* Exercise instructions: Using the listing below, set down exactly the lines starting at the line that contains "The Unreached People" and ending at the line that contains "Torben Keramik, Stor", both included, and no others.

* Provided records:
++++++++++
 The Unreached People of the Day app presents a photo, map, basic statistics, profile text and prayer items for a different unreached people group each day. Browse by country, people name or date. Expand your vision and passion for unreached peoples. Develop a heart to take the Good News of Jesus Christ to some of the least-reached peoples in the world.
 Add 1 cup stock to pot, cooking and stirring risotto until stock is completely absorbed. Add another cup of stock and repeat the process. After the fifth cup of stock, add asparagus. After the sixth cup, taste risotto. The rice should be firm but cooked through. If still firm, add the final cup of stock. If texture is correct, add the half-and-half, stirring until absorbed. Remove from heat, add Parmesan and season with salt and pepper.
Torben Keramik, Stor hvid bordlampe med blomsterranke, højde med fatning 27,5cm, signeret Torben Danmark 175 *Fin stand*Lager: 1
++++++++++
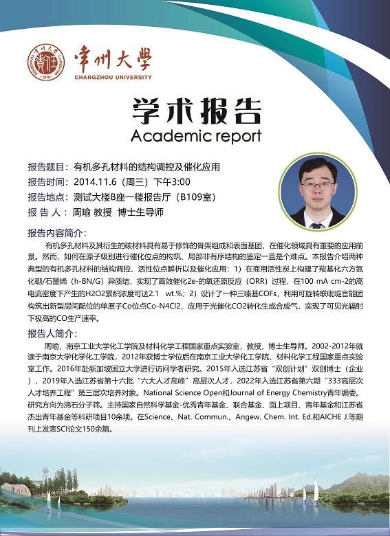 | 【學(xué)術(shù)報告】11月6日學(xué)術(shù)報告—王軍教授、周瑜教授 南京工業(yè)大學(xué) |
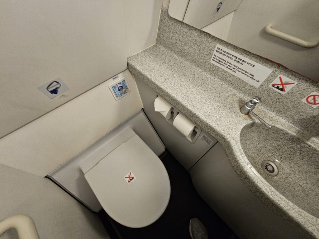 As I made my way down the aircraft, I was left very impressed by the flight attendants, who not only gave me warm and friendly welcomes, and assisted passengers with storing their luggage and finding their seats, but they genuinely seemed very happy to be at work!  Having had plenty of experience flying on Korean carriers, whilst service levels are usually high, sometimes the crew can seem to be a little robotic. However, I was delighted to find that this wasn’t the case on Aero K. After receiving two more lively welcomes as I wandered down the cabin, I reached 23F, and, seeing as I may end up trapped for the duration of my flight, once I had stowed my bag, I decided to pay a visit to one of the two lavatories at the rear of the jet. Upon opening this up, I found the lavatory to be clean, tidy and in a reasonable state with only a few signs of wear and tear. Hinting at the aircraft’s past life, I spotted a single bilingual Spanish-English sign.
++++++++++
* Completed exercise:
 The Unreached People of the Day app presents a photo, map, basic statistics, profile text and prayer items for a different unreached people group each day. Browse by country, people name or date. Expand your vision and passion for unreached peoples. Develop a heart to take the Good News of Jesus Christ to some of the least-reached peoples in the world.
 Add 1 cup stock to pot, cooking and stirring risotto until stock is completely absorbed. Add another cup of stock and repeat the process. After the fifth cup of stock, add asparagus. After the sixth cup, taste risotto. The rice should be firm but cooked through. If still firm, add the final cup of stock. If texture is correct, add the half-and-half, stirring until absorbed. Remove from heat, add Parmesan and season with salt and pepper.
Torben Keramik, Stor hvid bordlampe med blomsterranke, højde med fatning 27,5cm, signeret Torben Danmark 175 *Fin stand*Lager: 1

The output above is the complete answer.